Data segment =
---

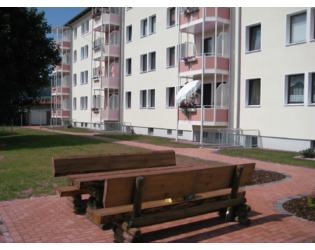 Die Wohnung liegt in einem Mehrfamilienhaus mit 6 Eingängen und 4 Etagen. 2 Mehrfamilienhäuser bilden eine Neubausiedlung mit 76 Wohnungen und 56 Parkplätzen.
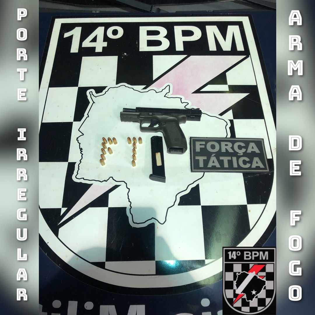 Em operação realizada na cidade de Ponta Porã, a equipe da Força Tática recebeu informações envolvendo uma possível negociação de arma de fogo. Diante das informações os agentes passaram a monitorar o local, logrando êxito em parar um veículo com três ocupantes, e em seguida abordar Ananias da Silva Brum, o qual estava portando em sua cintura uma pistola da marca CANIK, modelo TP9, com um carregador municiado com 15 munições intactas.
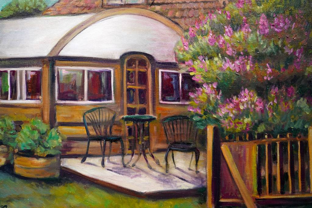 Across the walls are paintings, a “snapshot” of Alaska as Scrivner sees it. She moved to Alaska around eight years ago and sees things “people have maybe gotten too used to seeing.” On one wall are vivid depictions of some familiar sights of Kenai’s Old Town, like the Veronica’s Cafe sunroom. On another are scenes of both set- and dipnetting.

---

What is expected =
Return the data exactly. Do not carry over any images.

Solution for this exercise =
 Die Wohnung liegt in einem Mehrfamilienhaus mit 6 Eingängen und 4 Etagen. 2 Mehrfamilienhäuser bilden eine Neubausiedlung mit 76 Wohnungen und 56 Parkplätzen.
 Em operação realizada na cidade de Ponta Porã, a equipe da Força Tática recebeu informações envolvendo uma possível negociação de arma de fogo. Diante das informações os agentes passaram a monitorar o local, logrando êxito em parar um veículo com três ocupantes, e em seguida abordar Ananias da Silva Brum, o qual estava portando em sua cintura uma pistola da marca CANIK, modelo TP9, com um carregador municiado com 15 munições intactas.
 Across the walls are paintings, a “snapshot” of Alaska as Scrivner sees it. She moved to Alaska around eight years ago and sees things “people have maybe gotten too used to seeing.” On one wall are vivid depictions of some familiar sights of Kenai’s Old Town, like the Veronica’s Cafe sunroom. On another are scenes of both set- and dipnetting.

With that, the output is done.